What i would like to do, is load from a text file, containing series of sentences and creating an array containing each sentence as a separate index with some possible grep conditions, such as contains a string. Here's what i got. The reason it's in array is because I would like it to count later the number of lines, but that I can do with simple for cycle if its in array, so i would like to keep it that way

#!/bin/bash
location=$(pwd)
file="${location}/text"
cat $file

string=$(cat $file |sed 's/./.*/g' | tr '*' '\n' |sed 's/?/?*/g' | tr '*' '\n' |sed 's/!/!*/g' | tr '*' '\n')
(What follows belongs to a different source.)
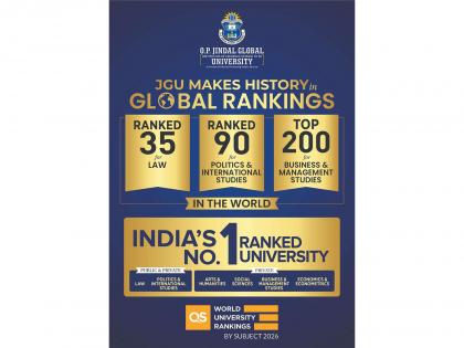 London [UK], March 26: O.P. Jindal Global University (JGU) has achieved a historic and global milestone in the QS World University Rankings by Subject 2026, delivering exceptional performance across Law, Politics & International Studies, Business & Management, Arts & Humanities, Economics, and Social Sciencesfirmly establishing itself as one of India's leading multidisciplinary global institutions and a rising force in international higher education.

int this part i opened a file , and based on what i understand i replaced a . with .* and than replaced * with \n and did the same with ?!. So now i should have a string containing each sentence separated with a new line

echo $string

array=( $($string | grep "hello" | grep "!") )

echo $array

now it should put the string into array, with condition that there is a word hello and is a command sentence. But the problem is:

echo $string
otuput : . . . . . . . . . . . . etc...

also the line where a create an array is saying that .: .: is a directory... all code not separated below

#!/bin/bash
location=$(pwd)
file="${location}/text"
cat $file

string=$(cat $file |sed 's/./.*/g' | tr '*' '\n' |sed 's/?/?*/g' | tr '*' '\n' |sed 's/!/!*/g' | tr '*' '\n')

echo $string

array=( $($string | grep "hello" | grep "!") )

echo $array

example text

Text text hello! hello? text text.
text text. text hello! text?
hello! text text.

expected outputs:

echo $string : 
Text text hello!
 hello?
 text text.
text text.
 text hello!
 text?
hello!
 text text.

basically one sentence per line (yes sometimes whitespace at the beggining but it doesnt matter), since the string=$(cat $file |sed 's/././g' | tr '' '\n' |sed 's/?/?/g' | tr '' '\n' |sed 's/!/!/g' | tr '' '\n') is supposed to make it so but current output for echo $string :

Text text hello! hello? text text. text text. text hello! text? hello! text text.

as for echo $array

basically the same as $string but each line as separate index in array 

but current output looks the same as $string, prints it as one string rather than each sentence in new line

Please keep it within simple level, i just stared bash and created this script to learn and have fun, I know there are some incredible people using it, but from what I've seen it can get relay crazy fast :)


Solution

Regarding echo $string - please read https://mywiki.wooledge.org/Quotes and why-is-printf-better-than-echo.

Is this what you're trying to do?

$ string=$(sed 's/\([[:punct:]]\) /\1\n/g' file)
$ printf '%s\n' "$string"
Text text hello!
hello?
text text.
text text.
text hello!
text?
hello!
text text.

$ readarray -t -d$'\n' array < <(sed 's/\([[:punct:]]\) /\1\n/g' file)
$ printf '%s\n' "${array[@]}"
Text text hello!
hello?
text text.
text text.
text hello!
text?
hello!
text text.
$ declare -p array
declare -a array=([0]="Text text hello!" [1]="hello?" [2]="text text." [3]="text text." [4]="text hello!" [5]="text?" [6]="hello!" [7]="text text.")

$ string=$(sed 's/\([[:punct:]]\) /\1\n/g' file | grep 'hello!')
$ printf '%s\n' "$string"
Text text hello!
text hello!
hello!

If your sed version doesn't support \n in the replacement then change it to either of these:

sed 's/\([[:punct:]]\) /\1\'$'\n''/g' file

sed 's/\([[:punct:]]\) /\1\
/g' file

If it doesn't support character classes then get a new sed but otherwise change [[:punct:]] to [!?.] and list all the punctuation chars inside the bracket expression or change it to [^][ \ta-zA-Z0-9_-] and list all the chars you do NOT want treated as punctuation inside the bracket expression.



Answered By - Ed Morton
Answer Checked By - David Goodson (WPSolving Volunteer)